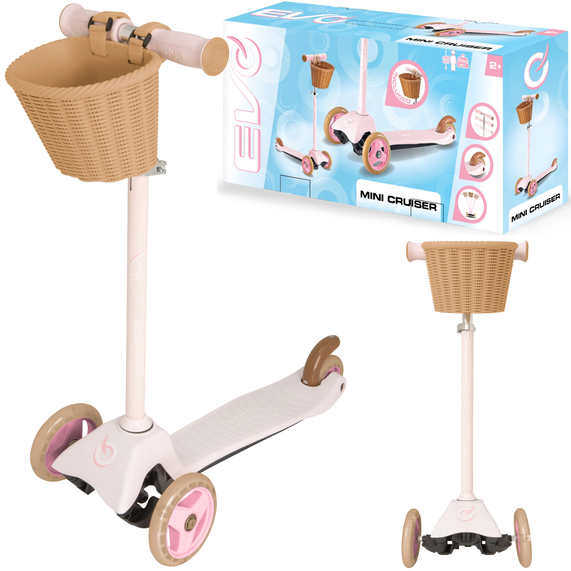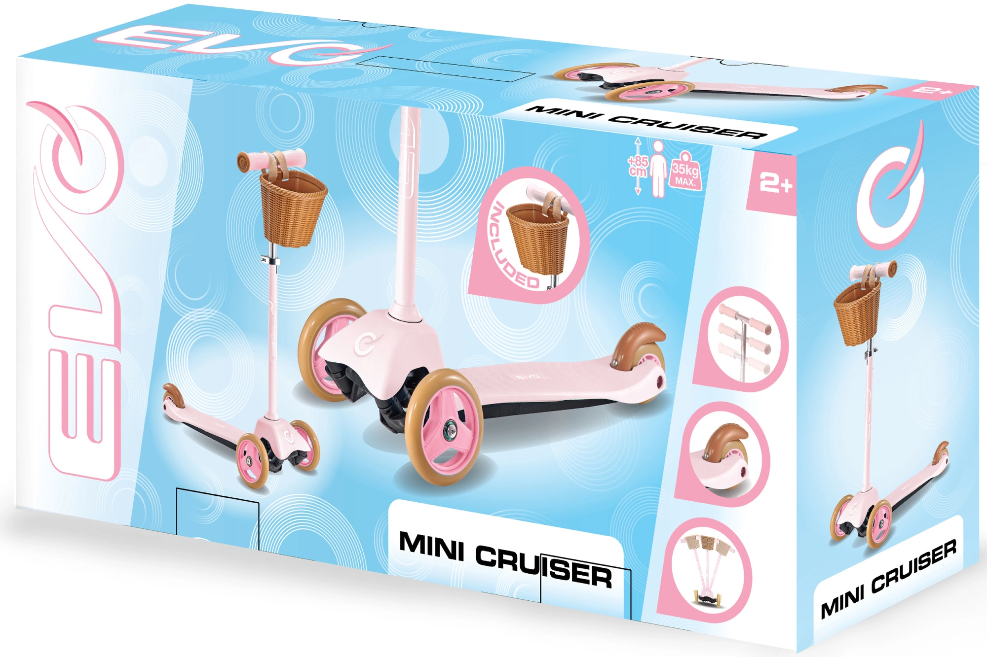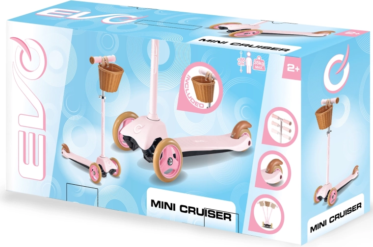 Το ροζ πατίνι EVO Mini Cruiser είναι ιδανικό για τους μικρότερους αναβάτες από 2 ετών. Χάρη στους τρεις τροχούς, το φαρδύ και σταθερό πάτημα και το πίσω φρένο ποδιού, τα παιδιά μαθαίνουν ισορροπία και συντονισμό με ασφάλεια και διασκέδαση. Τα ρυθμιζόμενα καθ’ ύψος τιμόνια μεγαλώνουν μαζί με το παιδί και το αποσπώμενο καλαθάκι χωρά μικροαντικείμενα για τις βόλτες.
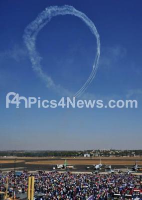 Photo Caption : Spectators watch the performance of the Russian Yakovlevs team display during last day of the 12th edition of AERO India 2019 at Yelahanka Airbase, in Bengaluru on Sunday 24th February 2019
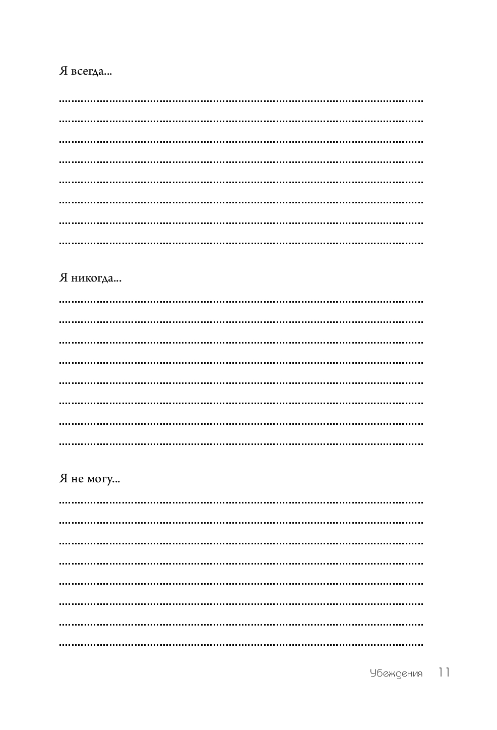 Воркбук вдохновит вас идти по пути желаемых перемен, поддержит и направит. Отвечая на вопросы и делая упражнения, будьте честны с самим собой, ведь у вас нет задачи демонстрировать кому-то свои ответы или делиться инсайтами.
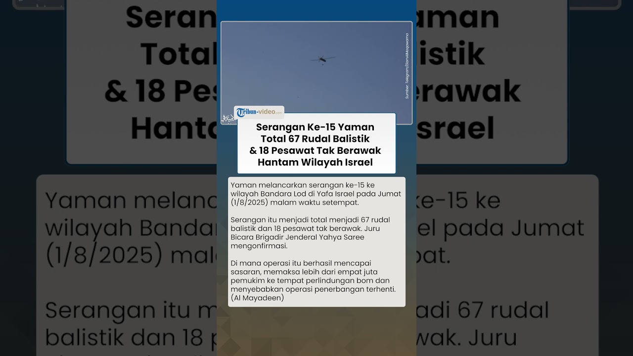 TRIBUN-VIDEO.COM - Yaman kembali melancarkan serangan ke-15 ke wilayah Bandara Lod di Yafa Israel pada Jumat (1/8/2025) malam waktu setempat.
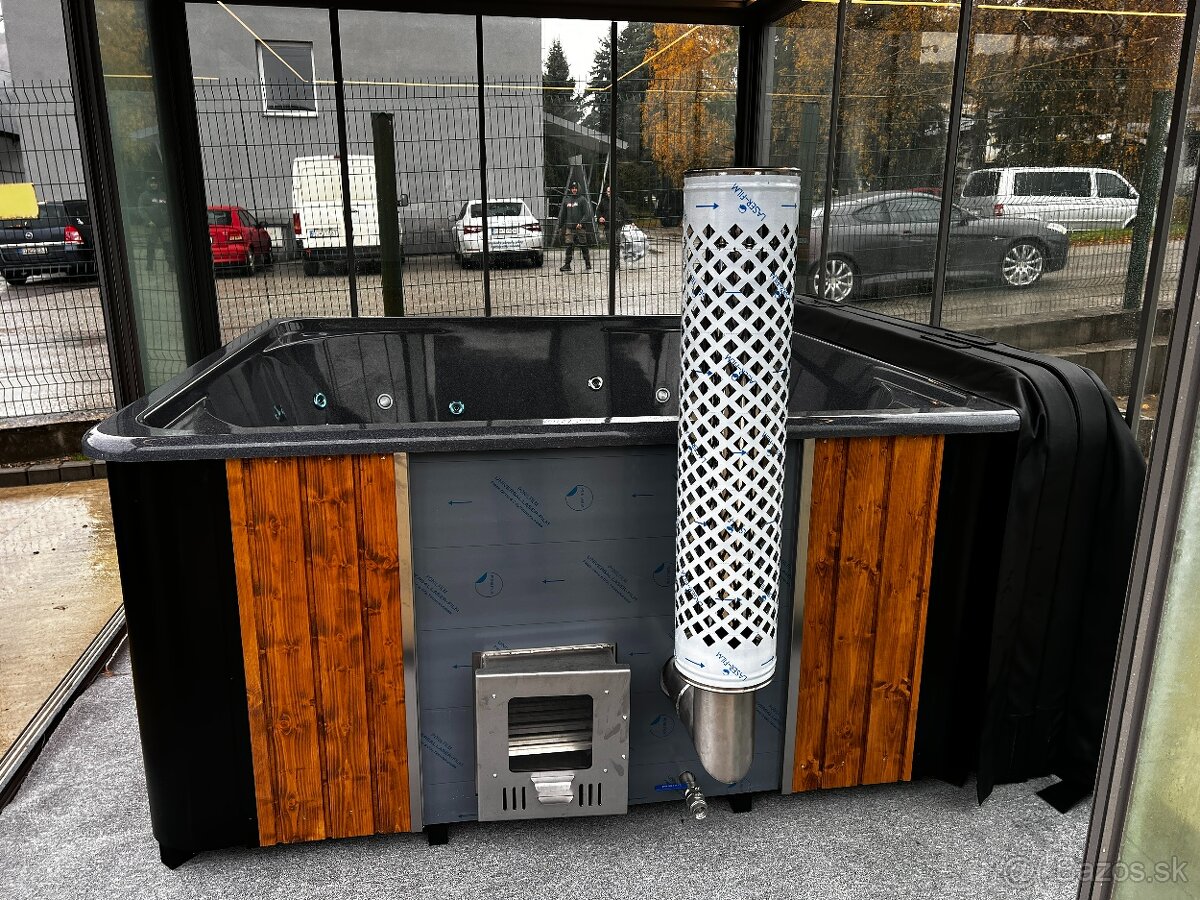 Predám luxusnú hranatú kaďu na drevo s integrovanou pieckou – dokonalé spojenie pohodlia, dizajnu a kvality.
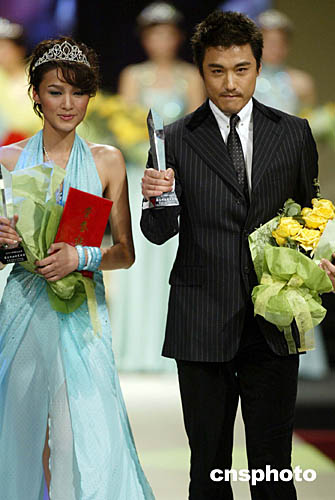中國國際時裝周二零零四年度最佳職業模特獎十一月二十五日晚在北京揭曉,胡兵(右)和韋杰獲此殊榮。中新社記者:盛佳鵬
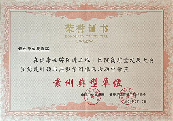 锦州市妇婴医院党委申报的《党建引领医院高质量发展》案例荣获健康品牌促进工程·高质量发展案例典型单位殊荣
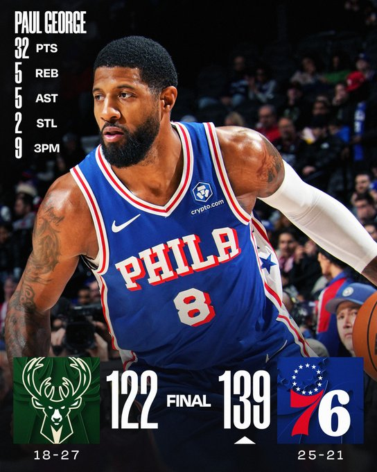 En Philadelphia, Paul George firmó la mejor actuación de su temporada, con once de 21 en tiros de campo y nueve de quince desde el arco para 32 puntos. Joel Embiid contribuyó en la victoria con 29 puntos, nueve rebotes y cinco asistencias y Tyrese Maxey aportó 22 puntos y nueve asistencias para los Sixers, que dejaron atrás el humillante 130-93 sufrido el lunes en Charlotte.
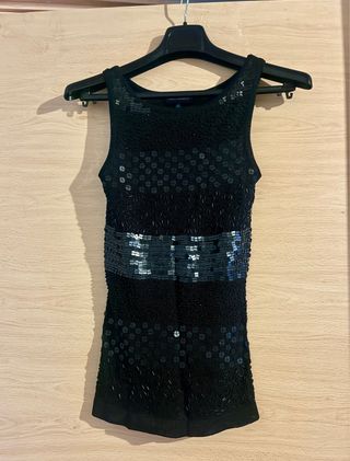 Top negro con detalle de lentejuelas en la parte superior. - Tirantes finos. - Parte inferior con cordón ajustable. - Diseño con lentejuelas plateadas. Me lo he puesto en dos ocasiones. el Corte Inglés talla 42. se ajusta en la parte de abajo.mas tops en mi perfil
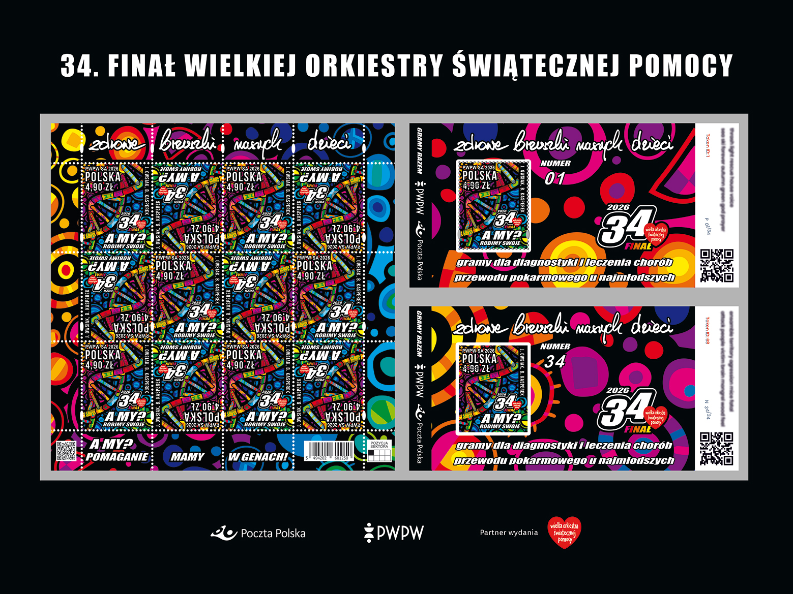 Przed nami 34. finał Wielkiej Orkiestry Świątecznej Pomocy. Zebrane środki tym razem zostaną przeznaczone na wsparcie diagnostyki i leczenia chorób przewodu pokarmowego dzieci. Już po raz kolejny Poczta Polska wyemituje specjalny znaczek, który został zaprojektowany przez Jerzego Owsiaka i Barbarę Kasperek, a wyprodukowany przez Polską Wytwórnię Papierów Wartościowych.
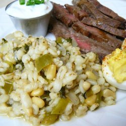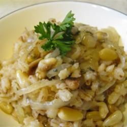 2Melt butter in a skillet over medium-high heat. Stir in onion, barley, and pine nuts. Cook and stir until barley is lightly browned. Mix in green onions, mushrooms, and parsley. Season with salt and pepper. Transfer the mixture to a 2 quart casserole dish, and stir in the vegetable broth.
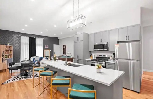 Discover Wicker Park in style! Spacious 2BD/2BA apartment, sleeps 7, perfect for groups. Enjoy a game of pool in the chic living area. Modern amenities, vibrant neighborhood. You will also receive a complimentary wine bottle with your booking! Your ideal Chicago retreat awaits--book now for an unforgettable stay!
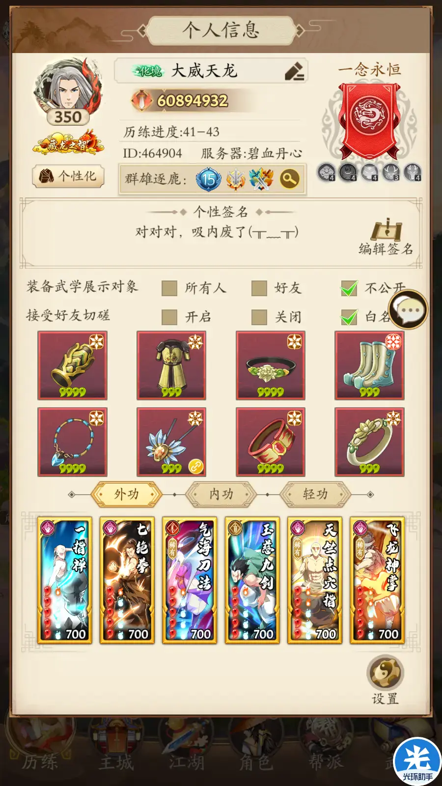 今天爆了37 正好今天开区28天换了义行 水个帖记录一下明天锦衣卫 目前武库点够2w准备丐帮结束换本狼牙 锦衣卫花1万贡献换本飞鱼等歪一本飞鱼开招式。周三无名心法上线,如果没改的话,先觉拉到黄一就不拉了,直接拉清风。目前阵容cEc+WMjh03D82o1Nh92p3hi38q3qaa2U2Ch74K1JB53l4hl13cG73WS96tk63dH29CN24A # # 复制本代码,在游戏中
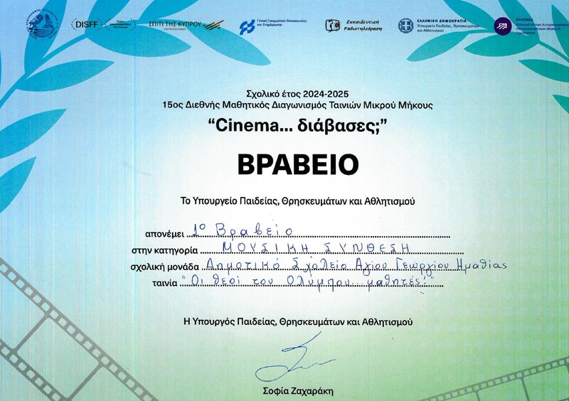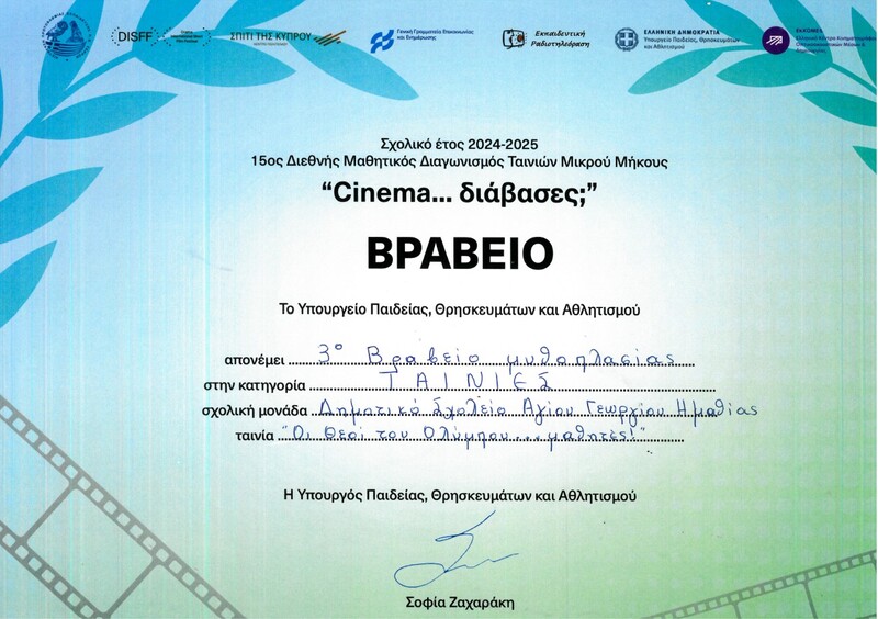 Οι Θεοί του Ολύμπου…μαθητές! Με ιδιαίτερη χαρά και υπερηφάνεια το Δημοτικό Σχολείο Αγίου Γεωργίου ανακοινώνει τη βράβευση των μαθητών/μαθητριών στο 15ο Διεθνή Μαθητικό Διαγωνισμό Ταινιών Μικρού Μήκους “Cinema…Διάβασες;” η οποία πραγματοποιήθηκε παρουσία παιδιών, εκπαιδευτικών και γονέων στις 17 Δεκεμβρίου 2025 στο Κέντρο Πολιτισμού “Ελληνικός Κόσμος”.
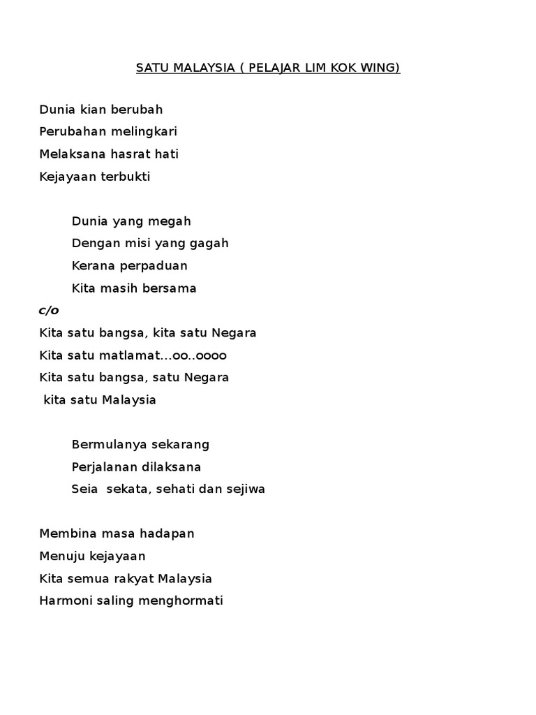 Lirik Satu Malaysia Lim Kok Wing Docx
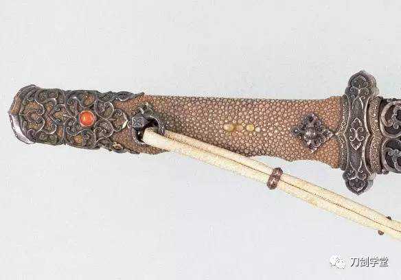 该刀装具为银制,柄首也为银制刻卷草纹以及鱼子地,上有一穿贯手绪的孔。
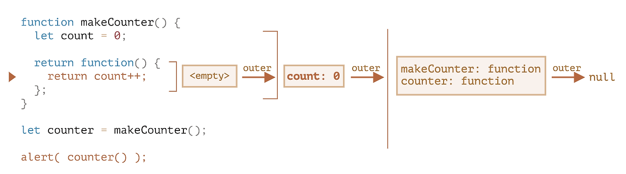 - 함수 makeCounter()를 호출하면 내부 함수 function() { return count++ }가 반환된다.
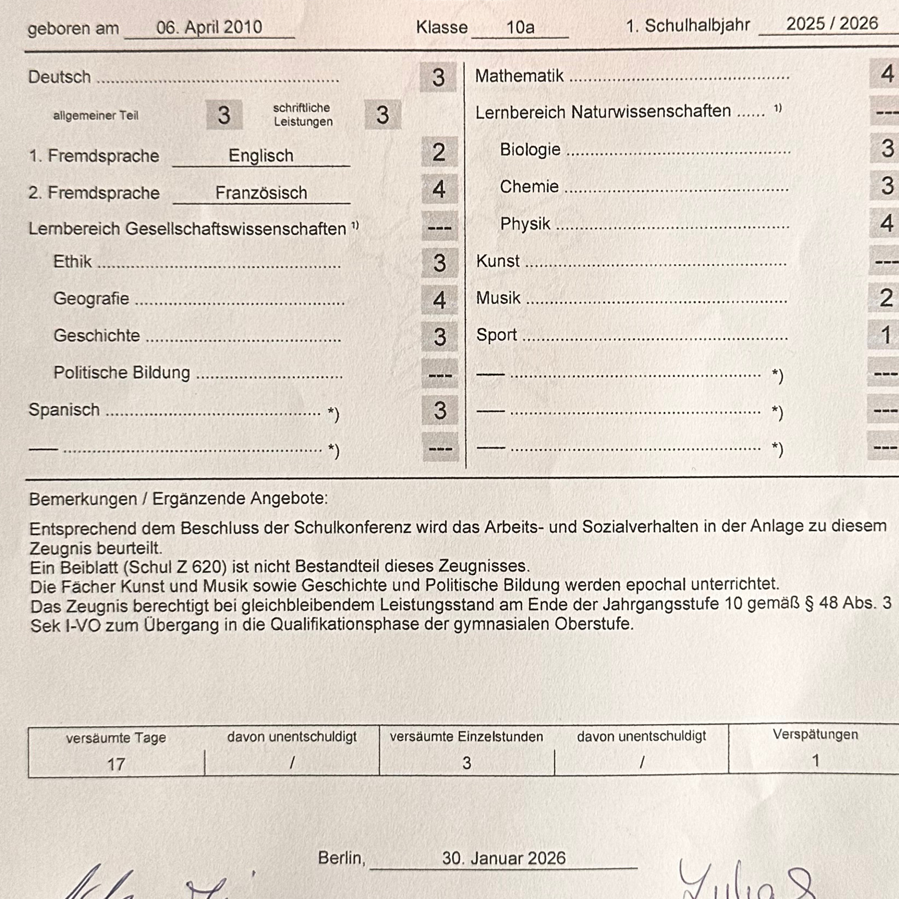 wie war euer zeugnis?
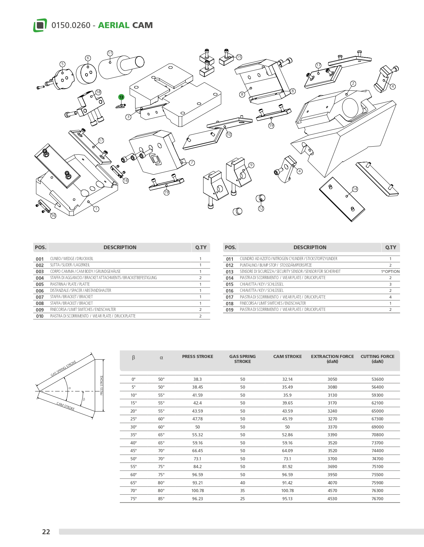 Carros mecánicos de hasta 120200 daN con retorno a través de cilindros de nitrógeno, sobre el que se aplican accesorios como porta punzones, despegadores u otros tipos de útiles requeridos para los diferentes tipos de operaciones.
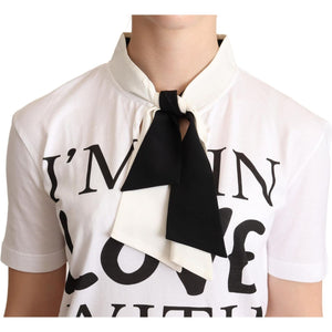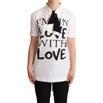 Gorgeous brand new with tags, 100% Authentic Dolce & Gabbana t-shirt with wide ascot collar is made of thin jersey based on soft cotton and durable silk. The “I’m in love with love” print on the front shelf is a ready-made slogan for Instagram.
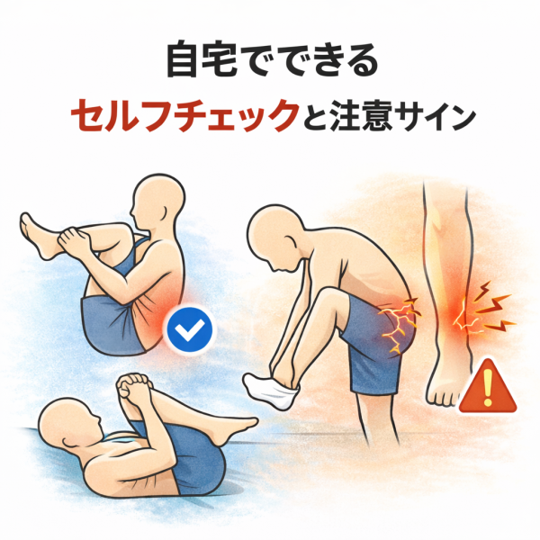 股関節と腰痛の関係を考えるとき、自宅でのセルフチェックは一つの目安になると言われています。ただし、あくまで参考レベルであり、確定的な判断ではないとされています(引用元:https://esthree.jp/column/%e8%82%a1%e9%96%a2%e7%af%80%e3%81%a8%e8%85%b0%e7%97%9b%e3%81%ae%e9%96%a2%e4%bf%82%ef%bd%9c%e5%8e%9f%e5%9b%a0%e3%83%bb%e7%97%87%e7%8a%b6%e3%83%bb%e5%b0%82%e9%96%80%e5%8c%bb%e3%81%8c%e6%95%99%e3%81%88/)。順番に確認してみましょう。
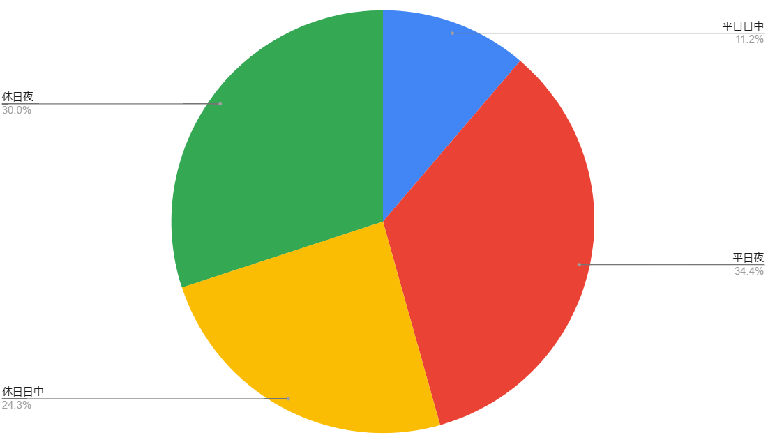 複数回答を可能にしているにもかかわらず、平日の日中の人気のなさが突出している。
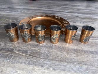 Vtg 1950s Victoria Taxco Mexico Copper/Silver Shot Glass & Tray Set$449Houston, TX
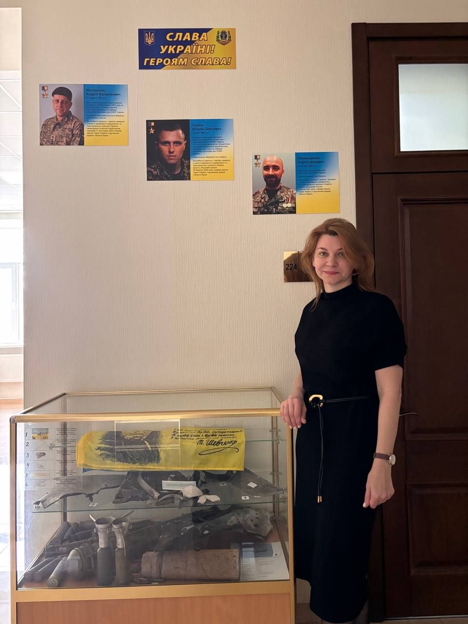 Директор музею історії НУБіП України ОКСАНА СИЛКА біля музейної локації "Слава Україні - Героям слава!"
________
**BRIEF**.
Go from the first line of the data above to the line containing "Photo Caption : Spectators" and retype exactly those lines, both included, but none of the pictures.

**RESULT OF THIS TASK**.
 Το ροζ πατίνι EVO Mini Cruiser είναι ιδανικό για τους μικρότερους αναβάτες από 2 ετών. Χάρη στους τρεις τροχούς, το φαρδύ και σταθερό πάτημα και το πίσω φρένο ποδιού, τα παιδιά μαθαίνουν ισορροπία και συντονισμό με ασφάλεια και διασκέδαση. Τα ρυθμιζόμενα καθ’ ύψος τιμόνια μεγαλώνουν μαζί με το παιδί και το αποσπώμενο καλαθάκι χωρά μικροαντικείμενα για τις βόλτες.
 Photo Caption : Spectators watch the performance of the Russian Yakovlevs team display during last day of the 12th edition of AERO India 2019 at Yelahanka Airbase, in Bengaluru on Sunday 24th February 2019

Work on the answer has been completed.